Es así que frente a la profunda crisis moral y ética que afecta prácticamente al conjunto de la clase política en diferentes latitudes y regímenes políticos, el ámbito de la cultura tiene tareas fundamentales a las que no puede renunciar. En primer lugar, tratar de definir los caminos para encontrar soluciones pacíficas y tolerantes a las controversias que surgen de la actual polarización política por medio del “uso público de la razón”.5 En segundo lugar, ejercer permanentemente el espíritu crítico como una actitud razonada, laica e ilustrada frente a una realidad compleja que reclama soluciones innovadoras e incluyentes.6 En tercer lugar, y por último, definir los senderos para mantener la vigencia de las libertades civiles y políticas de todos los ciudadanos independientemente de cualquier otra consideración.7 Esto es importante a la luz de la actual disputa política que se presenta atiborrada de certezas revestidas con la fastuosidad del mito del liderazgo y que están edificadas con la piedra dura del dogmatismo. De la contraposición entre política y cultura derivan aquellas posiciones que solo ven la realidad en términos de una oposición radical entre el aquí y el allá, es decir, entre nosotros y ellos. No pudiendo disolver el nudo ciego que se ha creado, ahora se pretende cortarlo de tajo. Pero justamente para cercenarlo no es necesaria la razón, que es el arma de los intelectuales, sino que basta la espada, que es uno de los instrumentos de la política. Se privilegia, de esta manera, una visión antagónica y conflictiva de la realidad al tiempo que desaparecen las concepciones del diálogo, el acuerdo y la cooperación.

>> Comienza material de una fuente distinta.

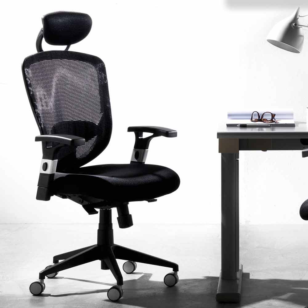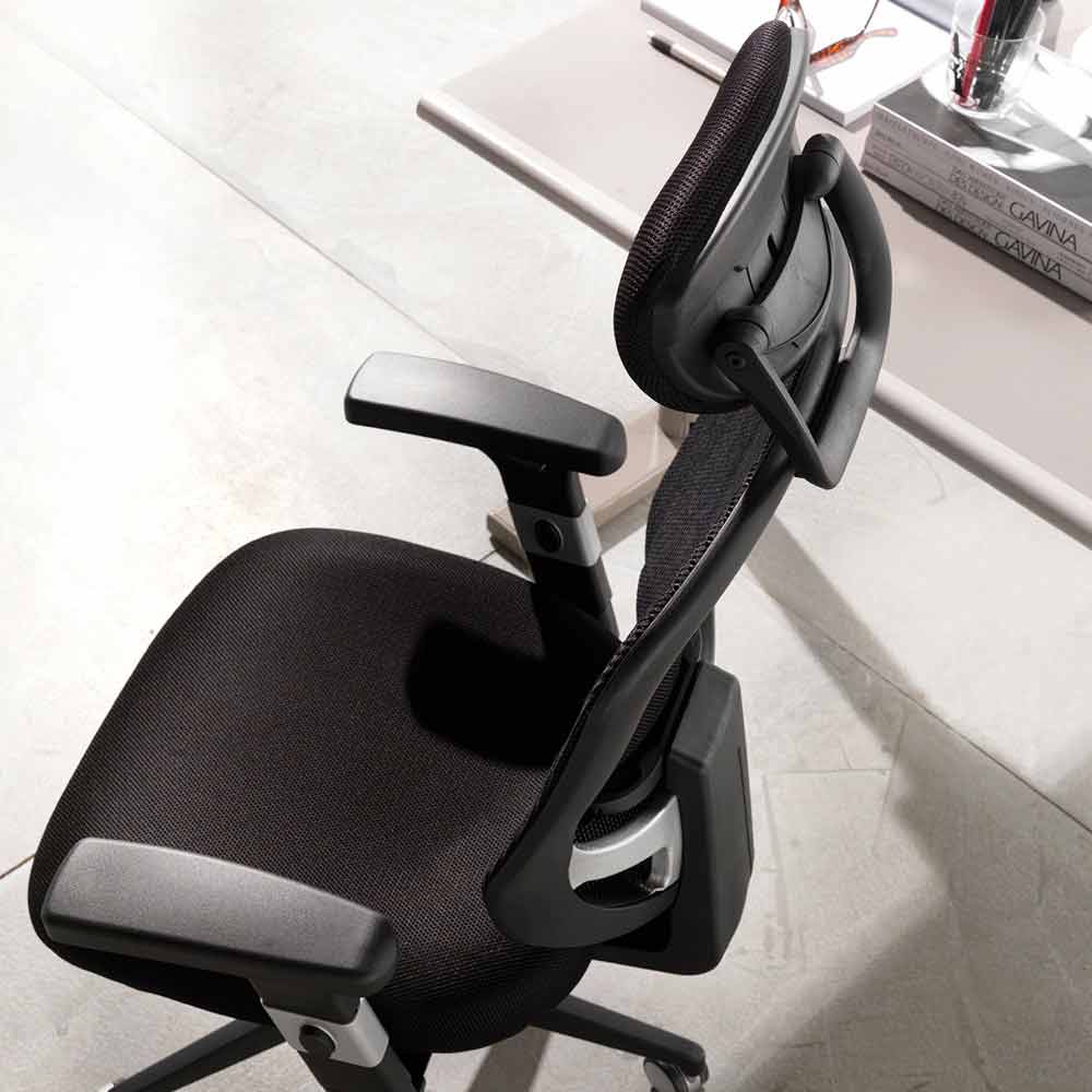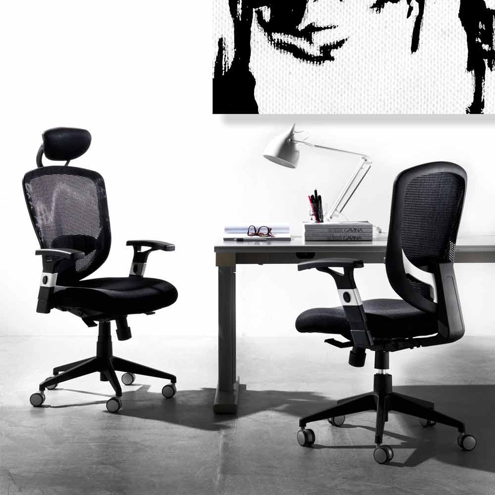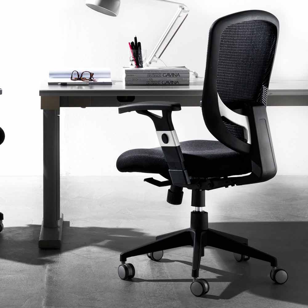 Fotoliu modern pivotant semi-executiv și operațional din plasă micro-perforată neagră și structură din nailon negru.
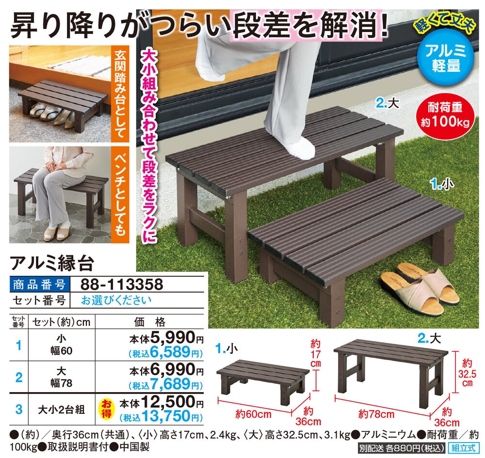 昇り降りがつらい段差を解消! 大小組み合わせて段差をラクに 玄関踏み台として ベンチとしても ●軽くて丈夫!アルミ軽量

El intelectual es un intérprete de los tiempos que debe ejercer la crítica y estimular la persuasión. Su misión es la de sembrar dudas y no la de recoger certezas. Su presencia en el espacio público es muy importante ante la pérdida de rumbo, el desconcierto generalizado y la ausencia de sentido que actualmente identifica a la política.8 Para intentar abrir camino, es necesario instrumentar una “política de la cultura” que permita distinguir y delimitar los diferentes tipos de poder: el económico, el ideológico y el político, es decir, los poderes que derivan de la riqueza, del saber y de la fuerza. Esta tipología del poder puede considerarse como un elemento constante en las teorías sociales contemporáneas y, por lo tanto, permite tener presente que a diferencia del poder económico y del poder político, el poder ideológico tiene una importancia social determinante porque permite la organización del consenso y del disenso.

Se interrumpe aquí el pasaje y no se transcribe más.